- From: Gavin Nicol <gtn@ebt.com>
- Date: Thu, 17 Oct 1996 14:40:06 -0400
- To: U35395@UICVM.CC.UIC.EDU
- CC: w3c-sgml-wg@w3.org
> - the character repertoire of XML documents is that of ISO 10646 Good. > - conforming XML documents may be in UTF-8 or UCS-2 form Good. > - all XML processors must accept documents in UTF-8 and UCS-2 (or > optionally UTF-16) form I'm not a great fan of UTF-16, and am worried about the connotations of "accept". Does that mean parse, process, or just accept and die? > - XML processor may provide a user option which causes them to accept > documents in other coded character sets (e.g. ISO 8859 or JIS 0208) > or other encodings of 10646 or other coded character sets (e.g. > Extended Unix Code) -- this behavior must be optional (i.e. the user > must be able to turn it off, so that documents not in UTF-8 or > UCS-2 raise errors).
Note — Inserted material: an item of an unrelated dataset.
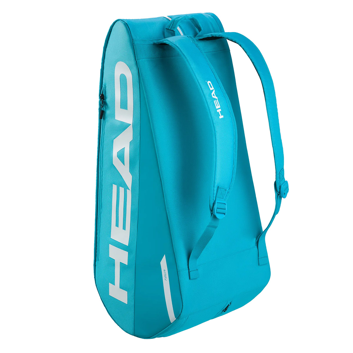 Spośród innych praktycznych rozwiązań warto wymienić zintegrowaną przegrodę na buty i zapinaną na zamek wewnętrzną kieszeń na akcesoria. Dzięki pasom ramiennym oraz górnym rączkom our Racquet Bag L oferuje różne sposoby noszenia: na ramieniu, na plecach lub w dłoni. Torba jest sprzedawana w opakowaniu z plastiku z recyklingu, a jej metkę wykonano z przetworzonego papieru i przywiązano ekologicznym sznurkiem konopnym — to przykład na to, jak HEAD stara się ograniczyć zużycie plastiku.
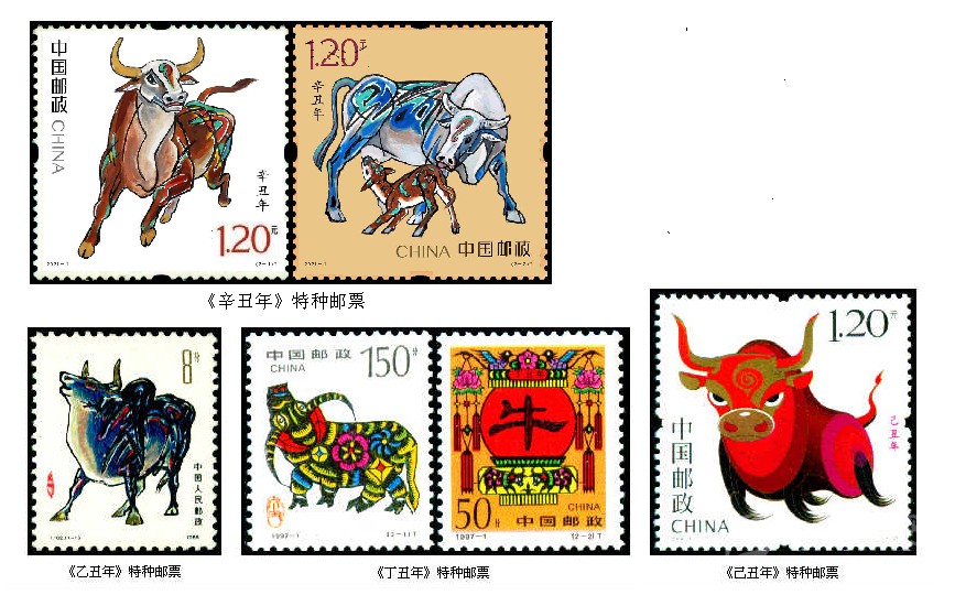 1997年1月5日發(fā)行第二輪生肖郵票中的“牛票”,即《丁丑年》特種郵票,全套2枚。由郵票設(shè)計師呼振源設(shè)計。第一枚“金牛奮蹄”,畫面依據(jù)山東省高密縣方市鄉(xiāng)前曹戈莊村當時33歲的農(nóng)村女子齊秀花的剪紙作品《媳婦騎牛圖》進行設(shè)計,原作中的“媳婦”被刪去,突出了牛的形象,體現(xiàn)出膠東地區(qū)民間剪紙藝術(shù)源于生活、構(gòu)思巧妙、粗獷中多見細膩的本色。只見那彎彎的牛角,垂地的長尾,壯實的牛身,穩(wěn)健的四蹄,都真實地再現(xiàn)了生活中牛的特點,牛身上似花非花,似銅錢又非銅錢的紋飾,充分地表現(xiàn)出樸實的浪漫主義。第二枚“牛耕年豐”,畫面主圖為一只高高掛起的大紅燈籠上,映出了一個醒目的隸書“?!弊郑瑸榕D甑膽c春象征。圍繞著這只燈籠,又進行了幾多創(chuàng)意,兩只喜鵲和一朵梅花,喻意“喜鵲登梅”;旒蘇上的兩朵牡丹,代表幸福、富貴;特別是那春意盎然的“雙牛圖”,畫面雖小,確為點睛之筆,與主圖的大“?!弊志o密呼應(yīng)。

OK. I can live with this, but am not overly happy about the "must be optional" clause. >Still open: details of the mechanism to be used for signaling the >encoding and/or coded character set in use. 3 methods: 1) MIME headers for HTTP/email/filesystem (via *.mim) 2) FSI attributes 3) Catalog parameters
Received on Thursday, 17 October 1996 14:41:51 UTC